Five isolates consistently caused disease on the cultivar Ventana, which is heterozygous for the dominant Fusarium wilt resistance gene, FW1 (Pincot et al., 2018). FW1‐resistance breaking isolates included four yellows‐fragariae (MAFF727510, Fo160618, Fo160403 and SK1) and one wilt‐fragariae isolate (BRIP62122). For each isolate, Wilcoxon rank sum tests showed no difference in virulence on the cultivars Ventana and Sweet Ann (P ≥ 0.24). All isolates that caused disease on FW1‐resistant cultivars were classified as ‘race 2’, whereas isolates that caused disease on ‘Sweet Ann’ but not ‘Ventana’ were classified as ‘race 1’. Spanish wilt‐fragariae isolates did not receive a ‘race’ classification because they caused disease on ‘Splendor’ but not the other two cultivars, and the genetics of resistance to these isolates in ‘Sweet Ann’ is unknown.
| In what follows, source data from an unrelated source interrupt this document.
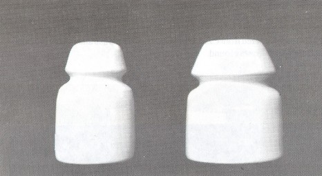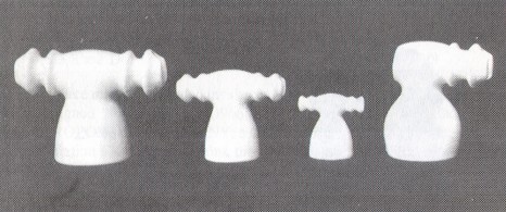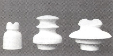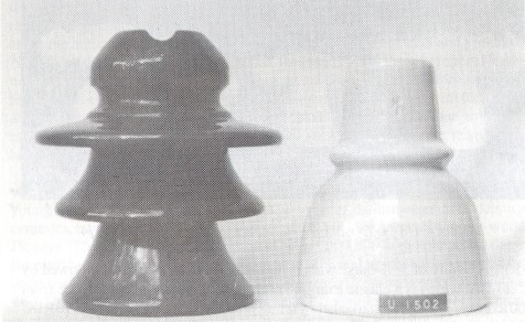 (L-R) Three marked and dated insulators -- U-1654 (1958), U-2121(1985), and
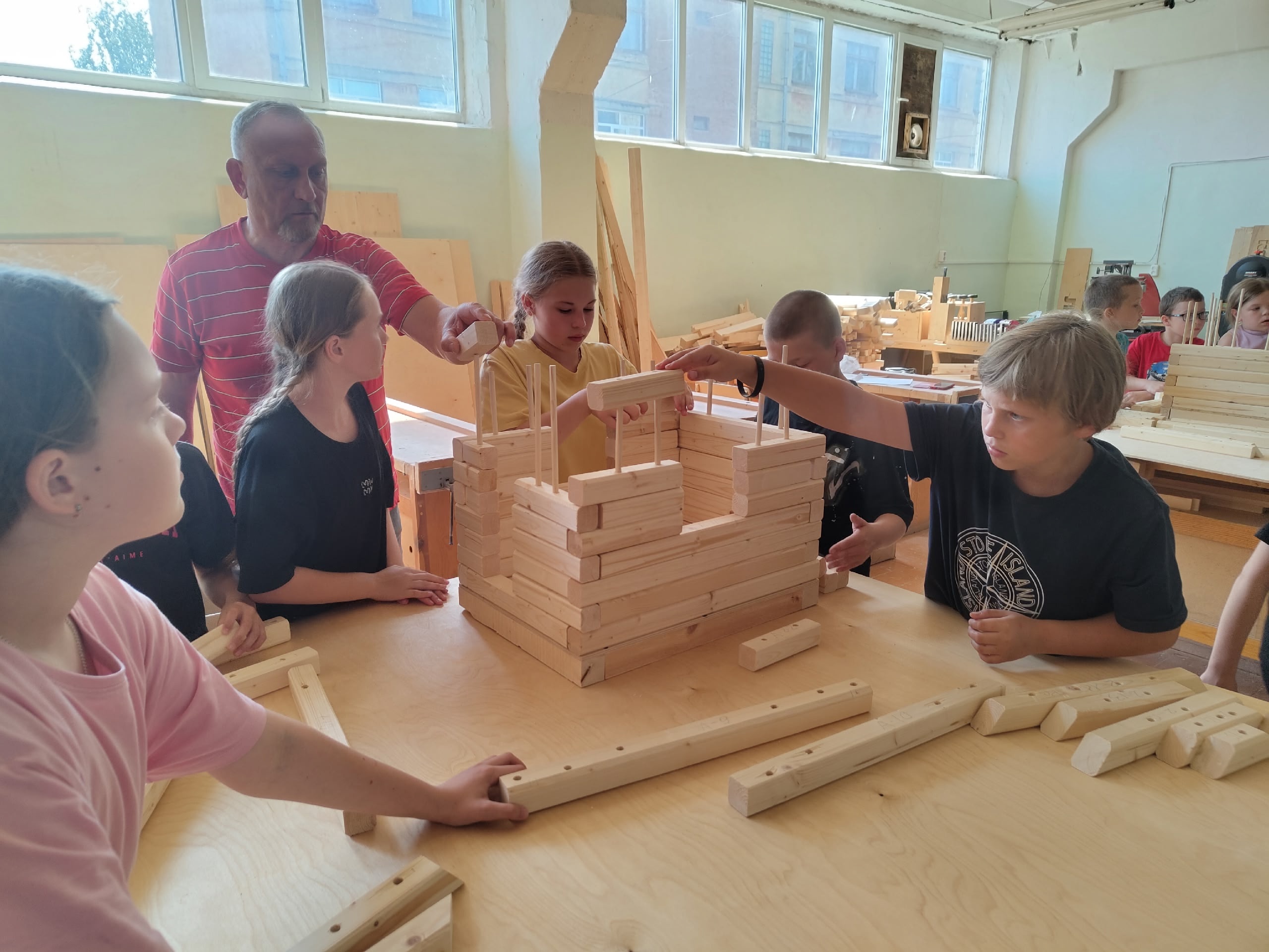 На втором мастер-классе ребята воплощали в жизнь строительный проект. Под руководством наставника им предстояло построить дом из модулей по заранее подготовленному чертежу. Совместными усилиями они создали миниатюру настоящего жилого дома с окнами и крышей.
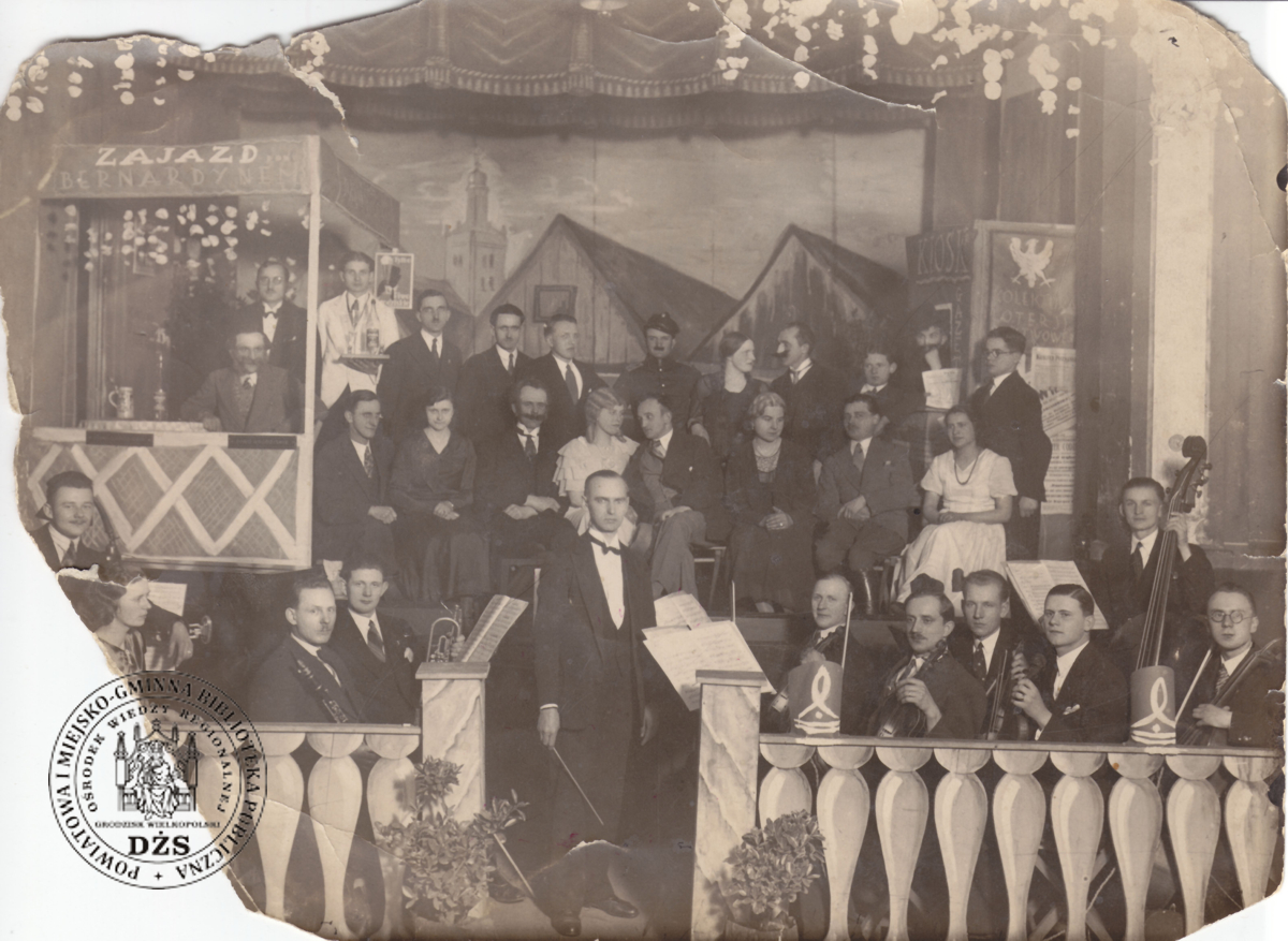 Opis na zdjęciu: Pamiątka pierwszego wieczoru koncertowego. Wystawienie fraszki scenicznej St. Moniuszki "Loterja" w dniu 15 kwietnia 1934 r. przez Kółko Muzyczne im. Ignacego Paderewskiego w Grodzisku.
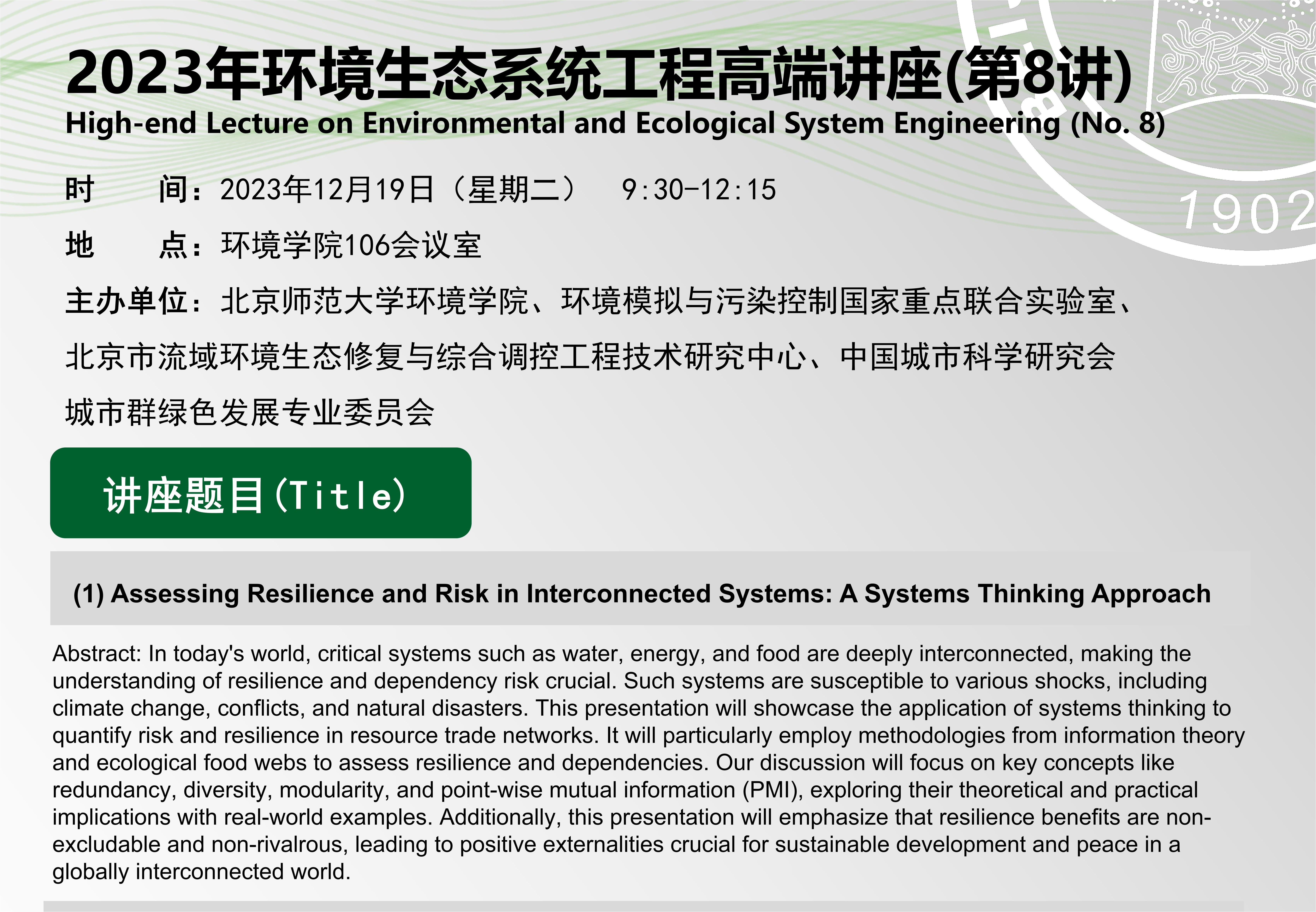 讲座题目:Ecological Complexity: Building Resilience in a Changing Globe

Whole genome sequencing and assembly

Assemblies for all isolates generated from 150‐bp paired‐end reads had a high level of gene completeness; between 97.6% and 98.2% of Busco genes were present and single copy (n = 3725 total searched; Dataset S1). For both of the GL1080 and GL1381 reference assemblies, >99% of the total genome length was assembled into 14 chromosome‐sized scaffolds (Tables S2–S4; Fig. S3). In each assembly, 11 scaffolds corresponded to conserved chromosomes identified in the reference strain, F. oxysporum f. sp. lycopersici 4287 (Tables S2–S4; Fig. S3; Ma et al., 2010). Each assembly additionally contained three accessory chromosomes that were not present in F. oxysporum f. sp. lycopersici 4287.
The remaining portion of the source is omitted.